--- AIM OF THE TASK ---
Once the line with "基準を満たさない焼却炉で焼却" is reached, output it and every line after it, exactly, through the end of the records below. Pictures are skipped.

== RECORDS TO PROCESS ==

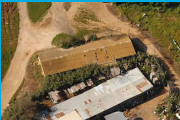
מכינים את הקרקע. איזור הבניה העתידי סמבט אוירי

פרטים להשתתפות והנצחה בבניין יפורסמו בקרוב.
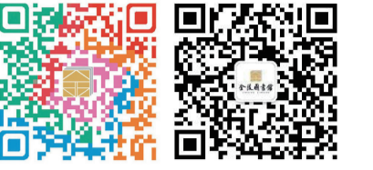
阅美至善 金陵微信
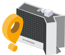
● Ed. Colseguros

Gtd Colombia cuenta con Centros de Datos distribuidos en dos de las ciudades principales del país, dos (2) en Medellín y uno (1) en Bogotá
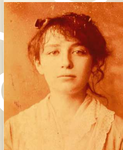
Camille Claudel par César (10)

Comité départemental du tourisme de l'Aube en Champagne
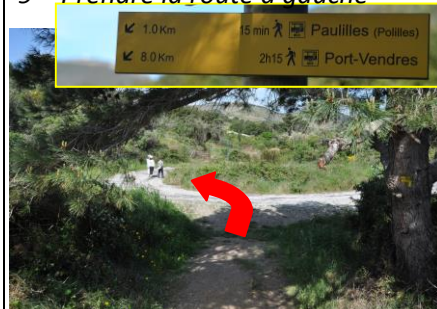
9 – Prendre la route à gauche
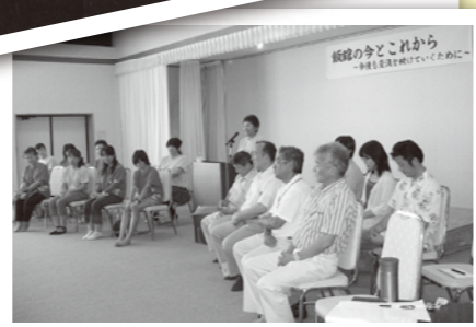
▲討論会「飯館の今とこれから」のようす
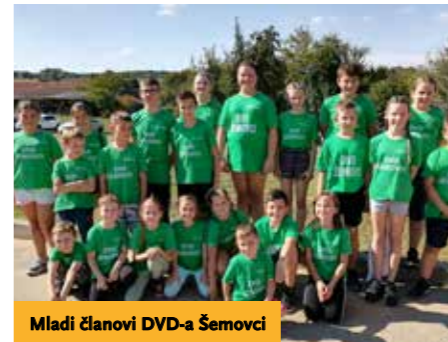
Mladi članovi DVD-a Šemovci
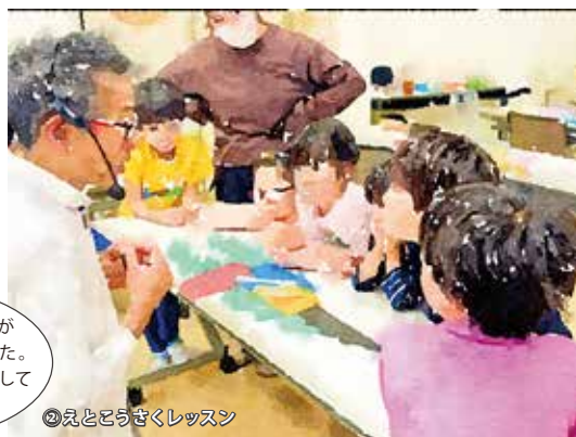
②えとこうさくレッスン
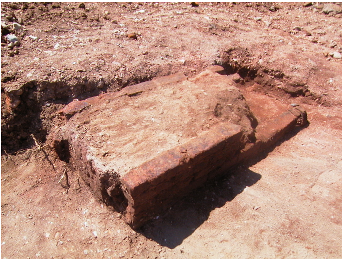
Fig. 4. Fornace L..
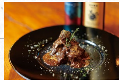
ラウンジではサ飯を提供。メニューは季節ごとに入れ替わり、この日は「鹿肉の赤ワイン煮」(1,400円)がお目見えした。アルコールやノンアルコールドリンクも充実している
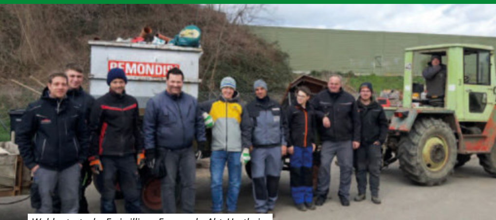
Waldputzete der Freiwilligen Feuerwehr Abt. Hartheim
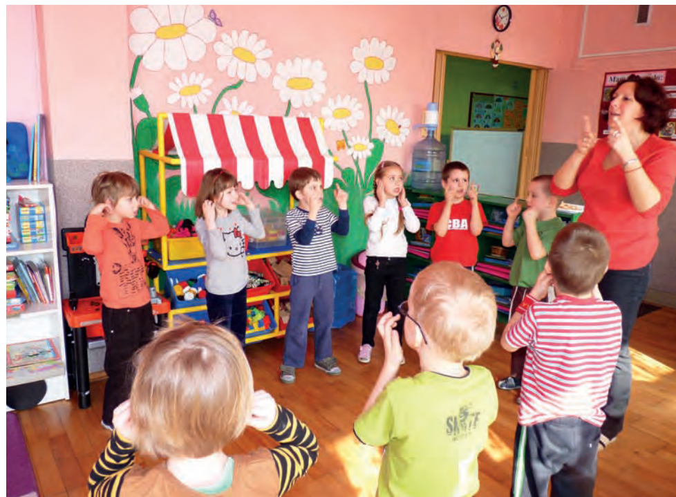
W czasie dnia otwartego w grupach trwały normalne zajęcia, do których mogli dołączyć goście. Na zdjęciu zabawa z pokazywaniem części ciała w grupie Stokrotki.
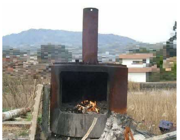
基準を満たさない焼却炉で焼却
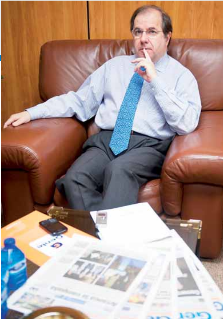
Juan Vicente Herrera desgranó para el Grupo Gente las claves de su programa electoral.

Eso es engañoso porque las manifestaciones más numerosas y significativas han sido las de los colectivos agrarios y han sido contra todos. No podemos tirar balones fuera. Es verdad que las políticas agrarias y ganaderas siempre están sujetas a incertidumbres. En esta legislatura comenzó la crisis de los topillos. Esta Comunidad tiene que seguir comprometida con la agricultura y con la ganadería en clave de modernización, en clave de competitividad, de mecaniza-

===

--- EXERCISE RESPONSE ---
基準を満たさない焼却炉で焼却
Juan Vicente Herrera desgranó para el Grupo Gente las claves de su programa electoral.

Eso es engañoso porque las manifestaciones más numerosas y significativas han sido las de los colectivos agrarios y han sido contra todos. No podemos tirar balones fuera. Es verdad que las políticas agrarias y ganaderas siempre están sujetas a incertidumbres. En esta legislatura comenzó la crisis de los topillos. Esta Comunidad tiene que seguir comprometida con la agricultura y con la ganadería en clave de modernización, en clave de competitividad, de mecaniza-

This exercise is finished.